> [TASK DESCRIPTION]:
Repeat verbatim, and only, the lines of the data below, beginning at the line that contains "Necklace in 18" and stopping after the line that contains "Ogni dettaglio è".

> [DATA FOR ANALYSIS]:
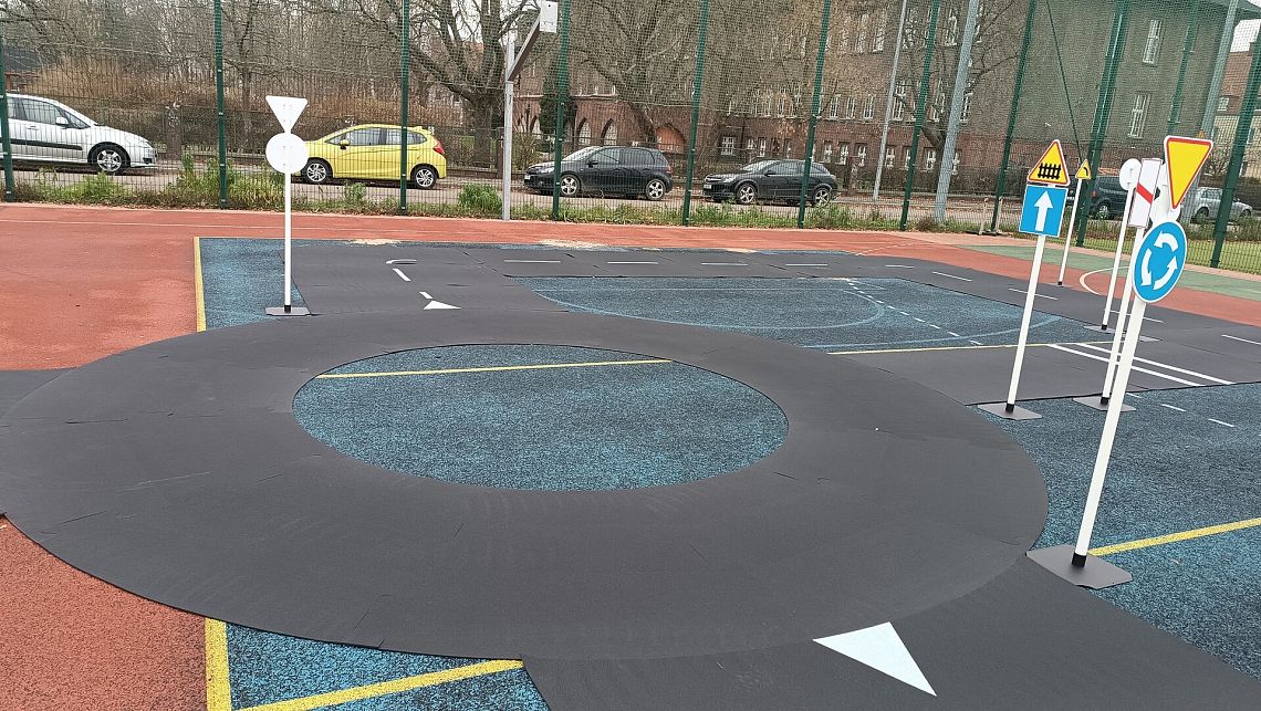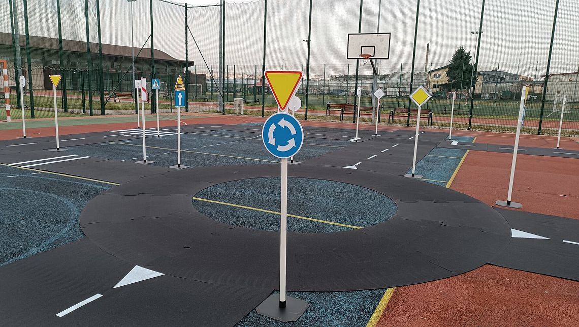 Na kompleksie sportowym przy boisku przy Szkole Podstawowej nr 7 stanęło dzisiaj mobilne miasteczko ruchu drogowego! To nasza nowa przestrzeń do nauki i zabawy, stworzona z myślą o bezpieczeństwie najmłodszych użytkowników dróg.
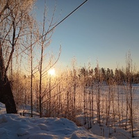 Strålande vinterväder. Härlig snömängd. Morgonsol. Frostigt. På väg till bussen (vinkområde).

--

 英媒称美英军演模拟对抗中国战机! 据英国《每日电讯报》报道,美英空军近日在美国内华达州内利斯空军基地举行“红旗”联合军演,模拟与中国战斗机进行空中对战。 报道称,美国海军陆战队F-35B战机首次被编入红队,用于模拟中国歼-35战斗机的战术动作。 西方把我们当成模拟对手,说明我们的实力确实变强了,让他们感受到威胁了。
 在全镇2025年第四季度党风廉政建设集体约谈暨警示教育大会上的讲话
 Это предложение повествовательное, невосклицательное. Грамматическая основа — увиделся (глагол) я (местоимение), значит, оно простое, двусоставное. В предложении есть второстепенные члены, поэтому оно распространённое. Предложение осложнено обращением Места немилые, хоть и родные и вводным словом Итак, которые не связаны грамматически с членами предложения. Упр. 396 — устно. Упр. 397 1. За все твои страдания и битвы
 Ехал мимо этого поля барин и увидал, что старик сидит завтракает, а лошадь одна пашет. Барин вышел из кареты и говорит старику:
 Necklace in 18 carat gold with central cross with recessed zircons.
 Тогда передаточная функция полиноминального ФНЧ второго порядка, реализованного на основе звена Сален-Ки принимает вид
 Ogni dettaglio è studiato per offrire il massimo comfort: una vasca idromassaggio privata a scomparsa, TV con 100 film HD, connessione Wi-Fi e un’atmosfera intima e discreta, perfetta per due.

---

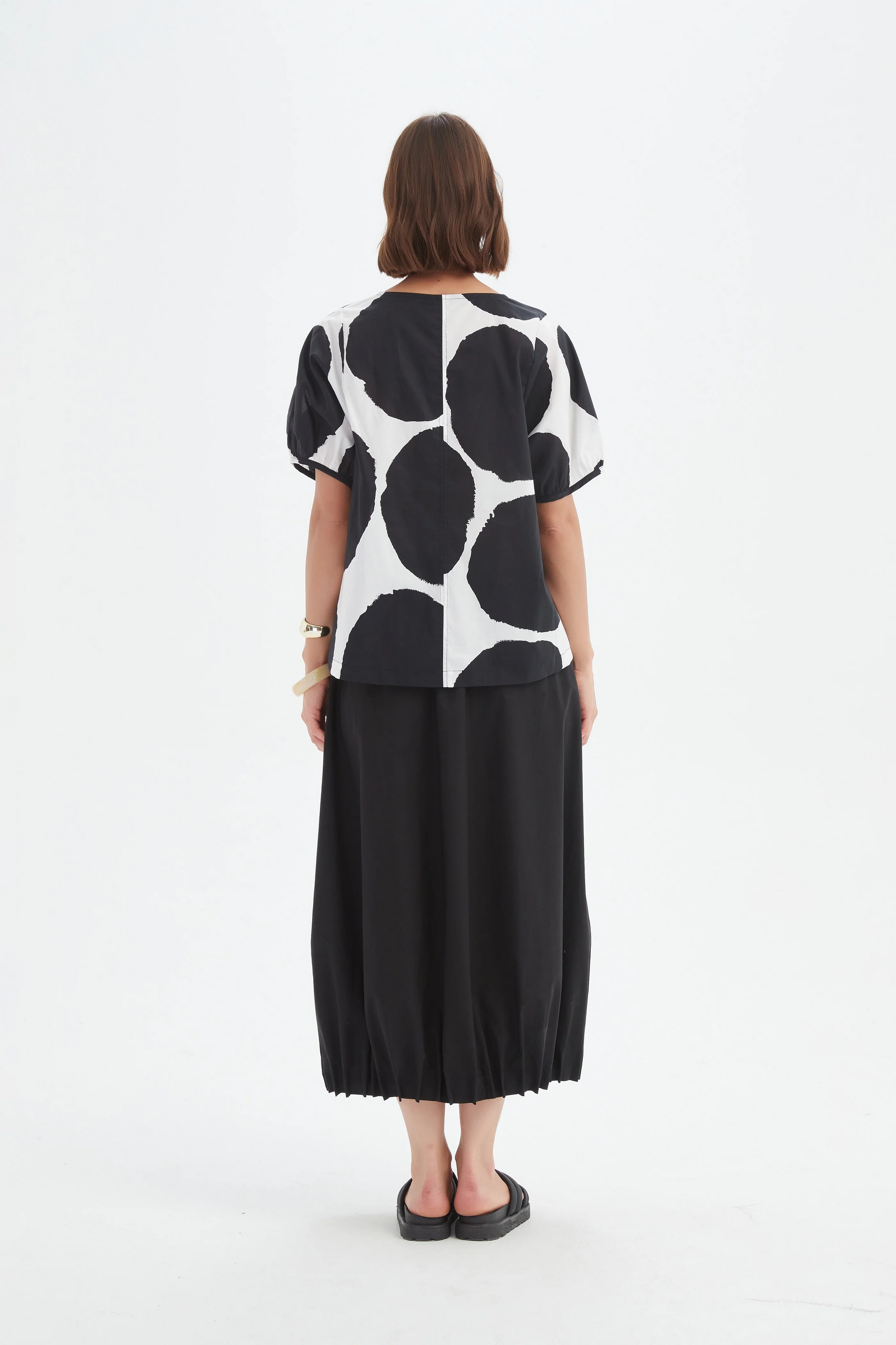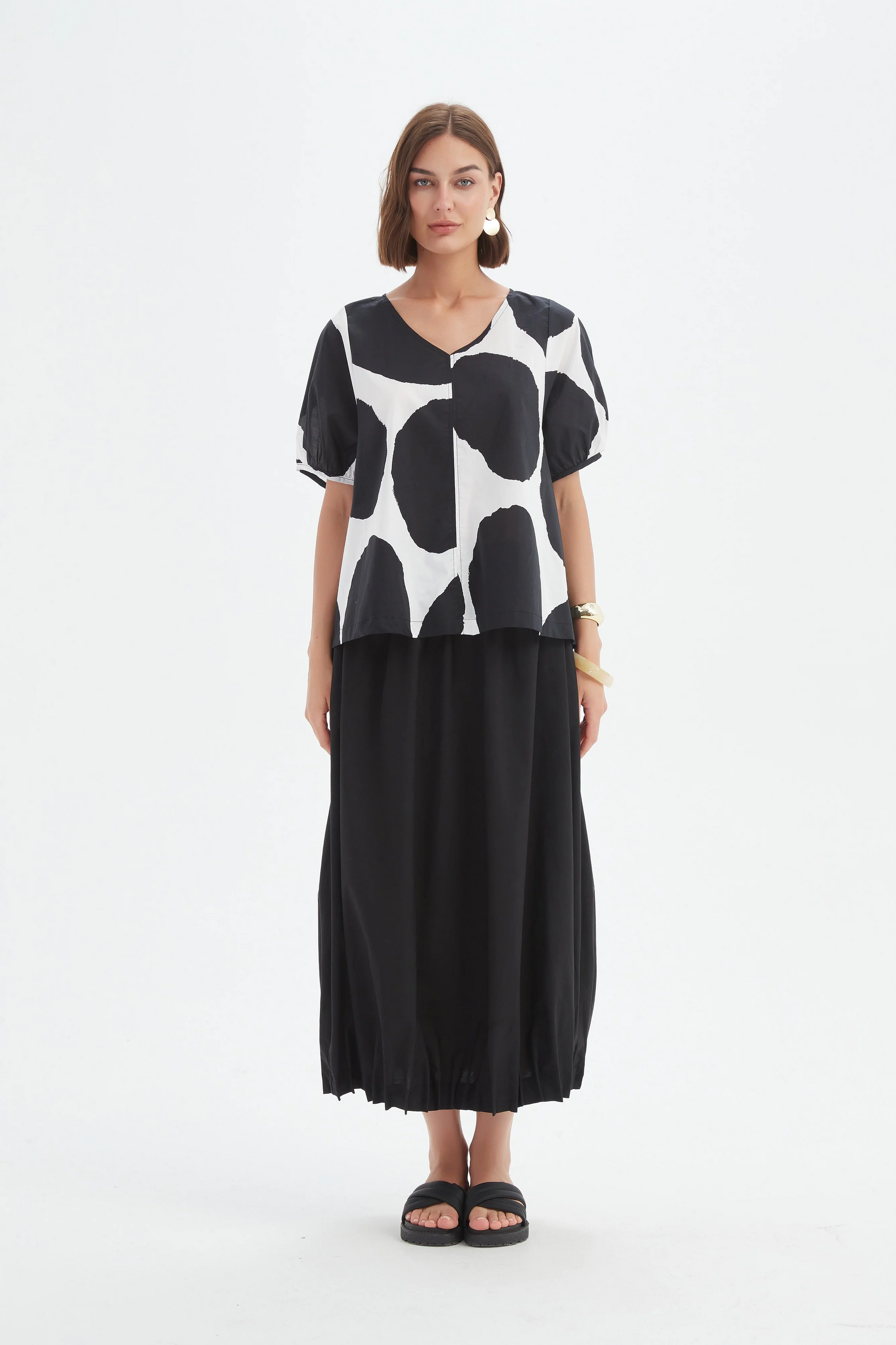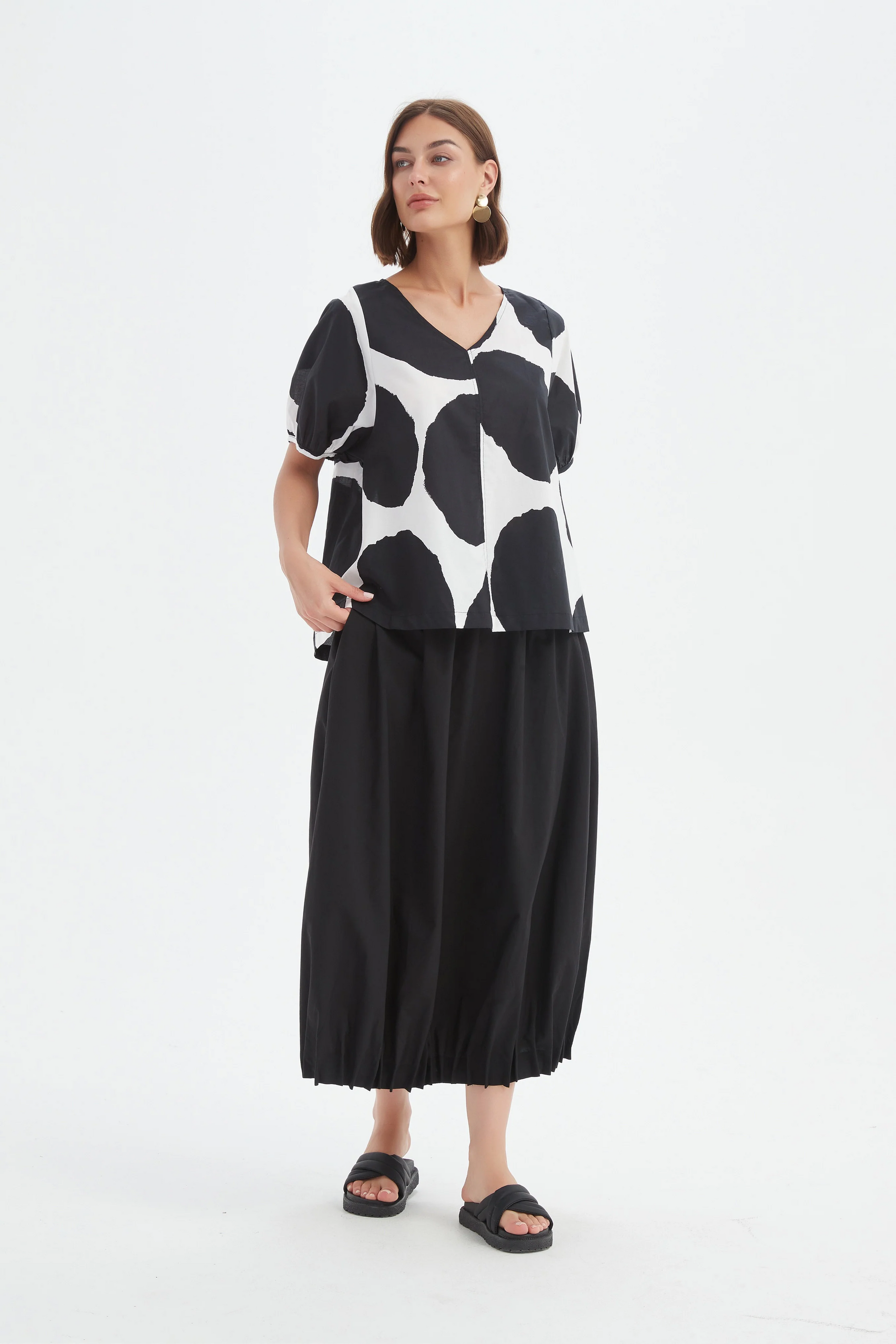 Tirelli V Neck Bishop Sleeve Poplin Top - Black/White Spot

> [YOUR SOLUTION]:
 Necklace in 18 carat gold with central cross with recessed zircons.
 Тогда передаточная функция полиноминального ФНЧ второго порядка, реализованного на основе звена Сален-Ки принимает вид
 Ogni dettaglio è studiato per offrire il massimo comfort: una vasca idromassaggio privata a scomparsa, TV con 100 film HD, connessione Wi-Fi e un’atmosfera intima e discreta, perfetta per due.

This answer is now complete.